Nous supposons par ailleurs que les calculs de fréquence de ces différents types de combinaisons permettront de mettre en évidence que certaines opérations mentales sont privilégiées dans la construction [V+Adj.Inv.]. Par exemple, on peut se demander pour quelles

raisons la caractérisation de la couleur est plus fréquente après un verbe comme manger (manger rouge, manger vert, manger bleu, etc.), comparé au verbe courir (nous n’avons pas d’énoncé courir rouge, courir vert, courir bleu dans notre corpus). Dans le même ordre d’idées, on peut se demander pourquoi les adjectifs relationnels dérivés de noms de pays (français,

italien, japonais, etc.) déclenchent plus facilement des stéréotypes après les verbes manger et cuisiner comparé à des verbes dénotant d’autres procès (cf. section 4.3.3.) ?

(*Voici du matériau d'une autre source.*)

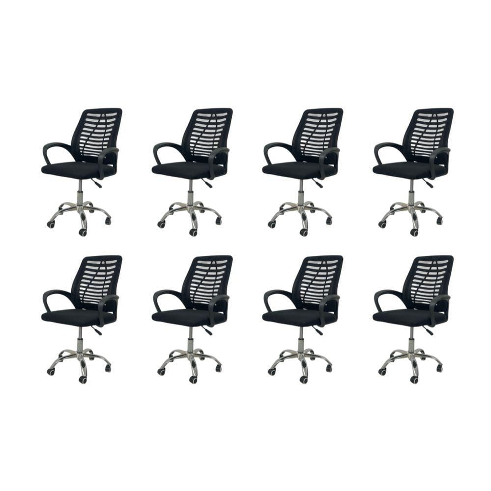 Kit 8 Cadeiras De Escritório Esteirinha Mesh Ergonômica Giratória Preto
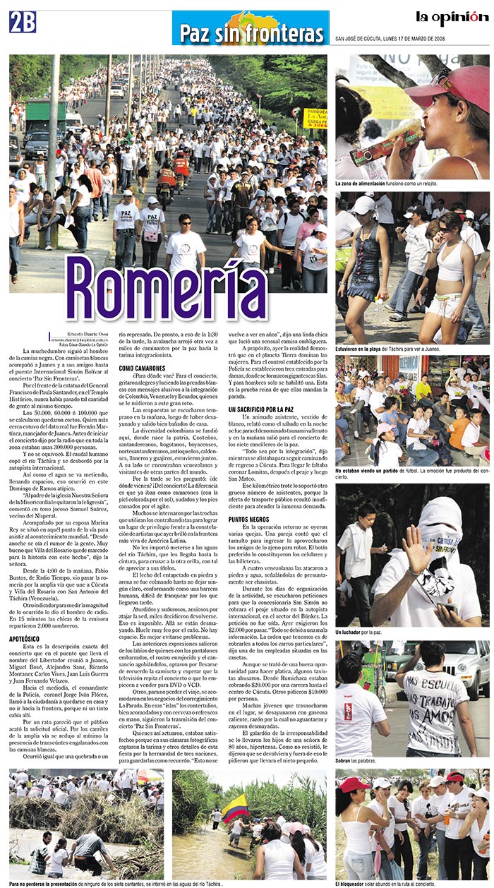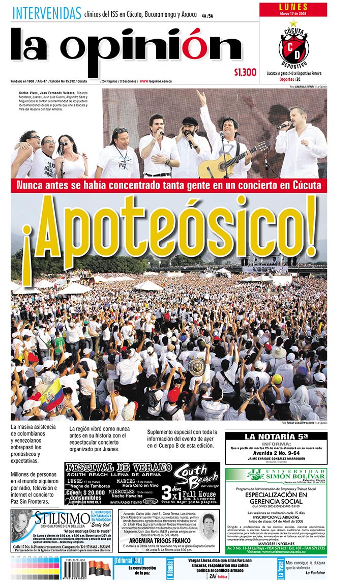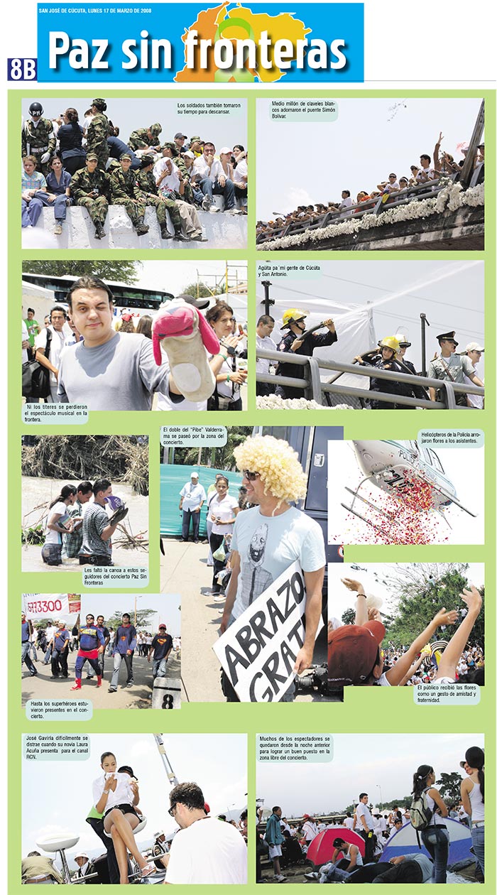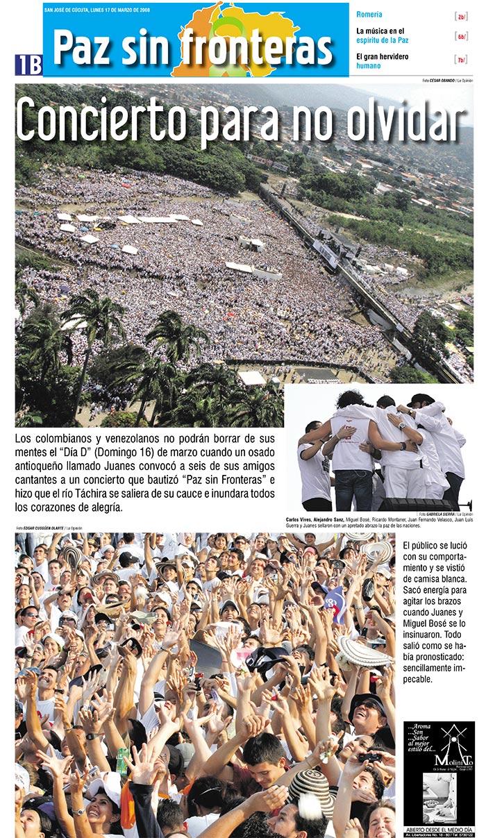 Además, contó con la presencia de más de 200 mil personas sobre el río Táchira. Pese a las altas temperaturas, el apoteósico concierto quedó como un hito histórico de la frontera y de Colombia. Lágrimas, sudor, saltos, gritos y sonrisas se tomaron el punto limítrofe bajo el sentimiento de la paz.
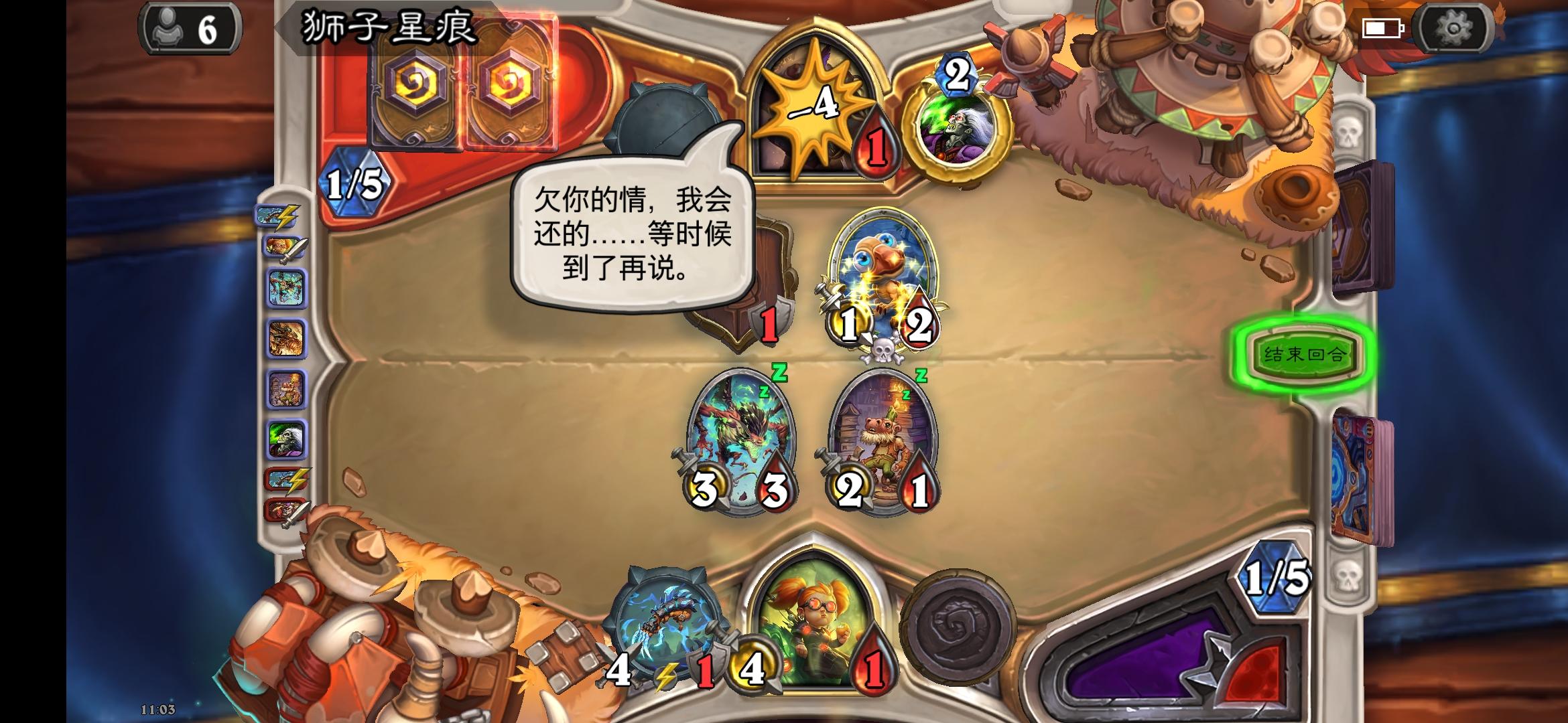 钻石卡末世的姆诺兹多给你两个回合又怎样你没有下个回合了就让你尝尝我钻石卡的厉害只要能回手弃掉的古加尔,利用效果就能将本局弃掉的所有卡回手,包括他自己,而古加尔回手的卡消毫血量而非费用,加上阿迦玛甘使下一张卡消毫对手血量所以You jump,I jump.最后用钻石卡回血续命,扭曲虚空清面板,于是就有这么一套能无限OTK的卡组。

Ainsi cuisiner japonais ne consiste-t-il pas au fait de cuisiner n’importe quels aliments. Cela consiste au fait de cuisiner certaines collections d’aliments plutôt que d’autres (entre autres des poissons, avec des algues, et du riz, par exemple), en vue d’obtenir certains plats plutôt que d’autres (des sushis, des sashimis, mais sûrement pas des nems, par exemple). Ce constat est valable pour la paire manger méditerranéen. Dans ce cas, il s’agit de manger, entre autres choses, des légumes et du poisson, le tout assaisonné d’huile d’olive.

On peut alors se demander selon quels critères cet effet de stéréotypie est déclenché, ou non. Ainsi, si je mange léger, il ne semble pas qu’il soit activé. Cela conduit à penser que c’est la combinaison de l’adjectif avec le procès dénoté par le verbe qui est à l’origine de ces effets de sens. Notre étude se donne de cette manière pour objectif de mettre en évidence quels sont les paramètres qui rendent possible tel ou tel effet de sens lié à la construction [V+Adj.Inv.].